所狭しに星が並ぶ。この星たちが真上にも真後ろにも真ん前にも。わたしを取り囲むように散らばっている。
まるで、天球の中にいるような感覚。

地球はまるいんだ。

理屈では知っていた。だけど、空一面の星にかこまれてみて、初めて実感した。
あんまりにも綺麗で、言葉を失って、何を考えるわけでもなく、ただ庭に座りこんで星を見続けた。
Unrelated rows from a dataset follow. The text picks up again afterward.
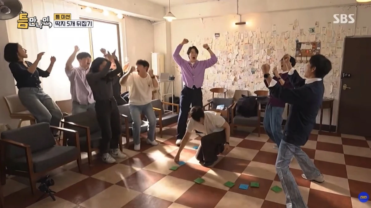 두 번째 틈 미션은 한 명씩 딱지를 넘기는 ‘딱지치기’였다. 여기서 ‘딱지왕’ 유재석의 클래스가 빛을 발했다. 유재석은 “중심을 맞혀야 돼”라며 노하우를 전수했고, 유재석의 구령에 맞춰 모두가 일사불란하게 연습에 매진했다.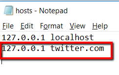 Now, enter the same bunch of numbers on the next line. But instead of keying in “localhost”, enter the name of the website that you want to block.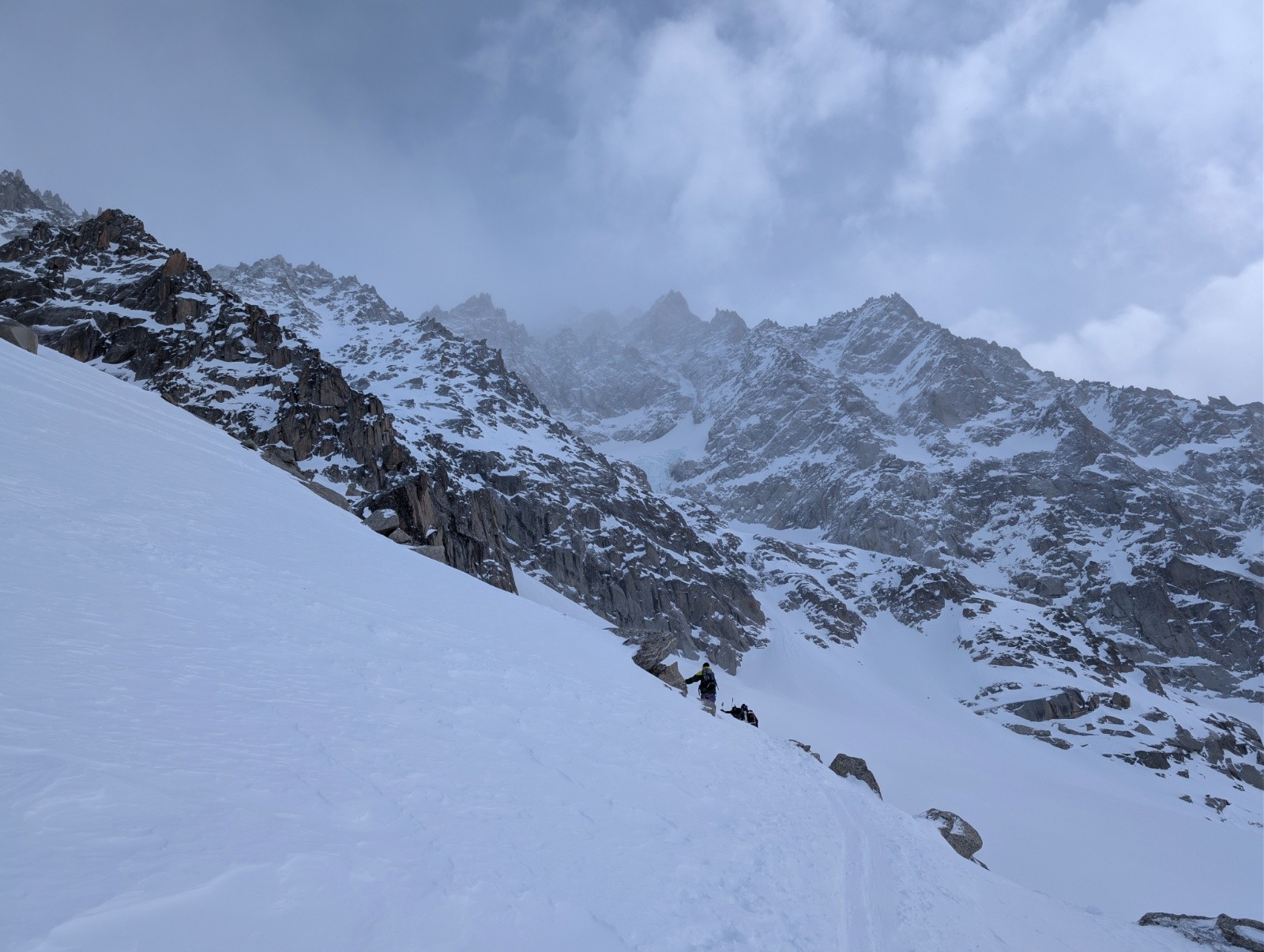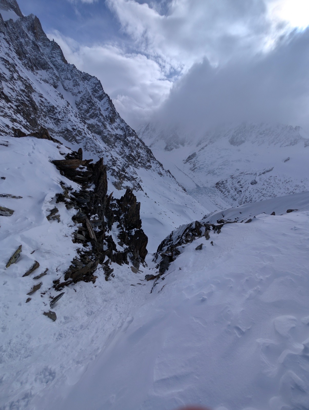 Excellente poudre pour descendre le glacier des rognons, un peu plus travaillée pour longer les rochers sur argentiere.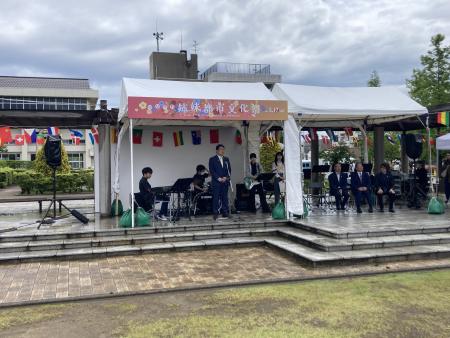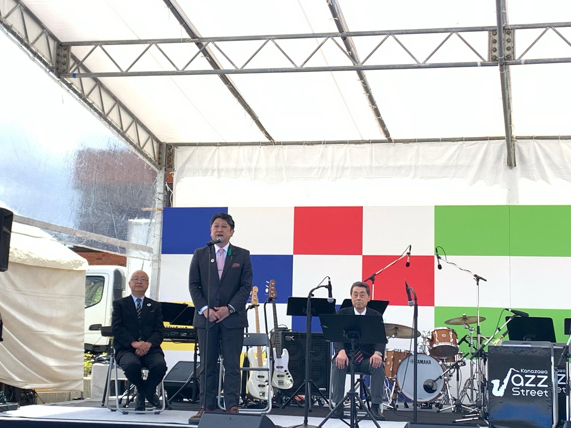 姉妹都市公園を会場とする初めての大型イベント「かなざわ姉妹都市文化祭」を開催し、あいさつをしました。

パナマでは、カスコビエホの綺麗な街並みの散策や大きなパナマ運河観光もした。

でも、一番の思い出は何かときかれたら、あの停電断水の夜に見た満天の星空とこたえるだろう。
時が止まったかのような真っ暗な中で、星だけがきらきらと輝く世界。そこで、ただ何も考えないということ。

なんにもしないをすると最高の何かに繋がる

って、プーさんも言っていた。一見簡単そうだけれど、たくさんの情報や娯楽に溢れる日常では、なかなか難しい。だからこそ、この「なんにもしない」をしたあの時間がわたしにとって大きな大きな宝物になったんだと思う。

「なんにもしない」を探しに出る旅もなかなか悪くない。